1) This is more of a client implementation issue than a GraphQL issue; there's nothing about the GraphQL spec that mentions what HTTP method to use. Most people use POST because it makes the most sense in the general case but there's no reason you can't move the query from a POST body to a GET query string.

2) This question seems odd to me. The real win from GraphQL is a reduction in overfetching - if you're tailoring a REST endpoint specifically to your needs the response should be functionally identical to a GraphQL response (i.e. only the data you need).
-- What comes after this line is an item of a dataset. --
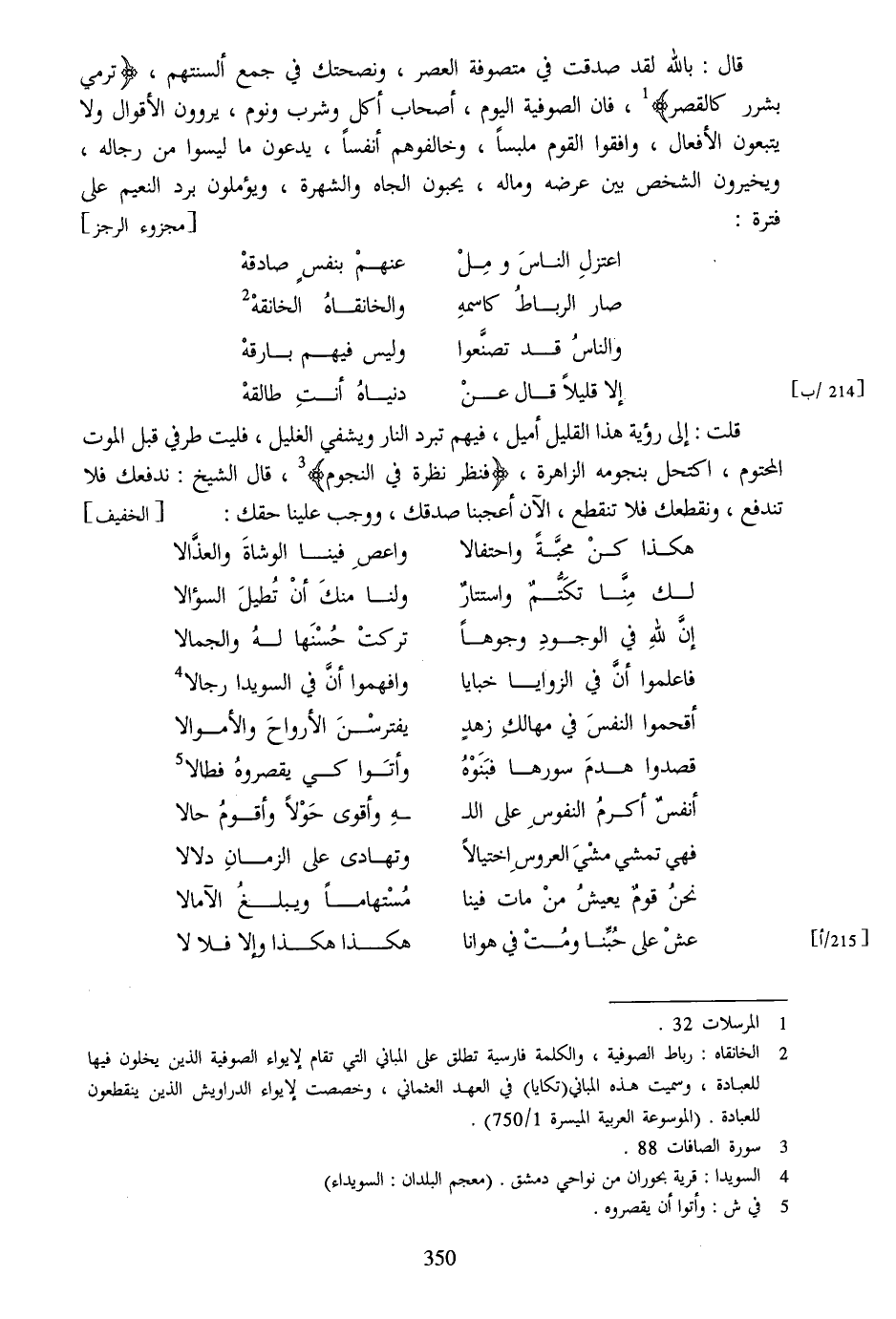 [1] ، فان الصوفية اليوم، أصحاب أكل وشرب ونوم، يروون الأقوال ولا يتبعون الأفعال، وافقوا القوم ملبسا، وخالفوهم أنفسا، يدعون ما ليسوا من رجاله، ويخيرون الشخص بين عرضه وماله، يحبون الجاه والشهرة، ويؤملون برد النعيم على فترة: [مجزوء الرجز]

These are just paradigms for passing data - the one you choose shouldn't have much impact on how said data is used.

1 comments

”there's no reason you can't move the query from a POST body to a GET query string.”

There’s disagreement on whether it is within the http spec (https://stackoverflow.com/questions/978061/http-get-with-req...), but you can also send a body with a GET request, and you wouldn’t be alone in that; Elastic uses it, too (https://www.elastic.co/guide/en/elasticsearch/reference/curr...)

Yeah, I originally was going to put that into my reply but I figured talking about the fact that GET bodies are technically doable would open its own can of worms.
well you do not need a request body, you can actually put a json string into a get query string.

something like: example.com?body=%7B%22hello%22%3A%22world%22%7D

it's wierd, but I've seen that a lot.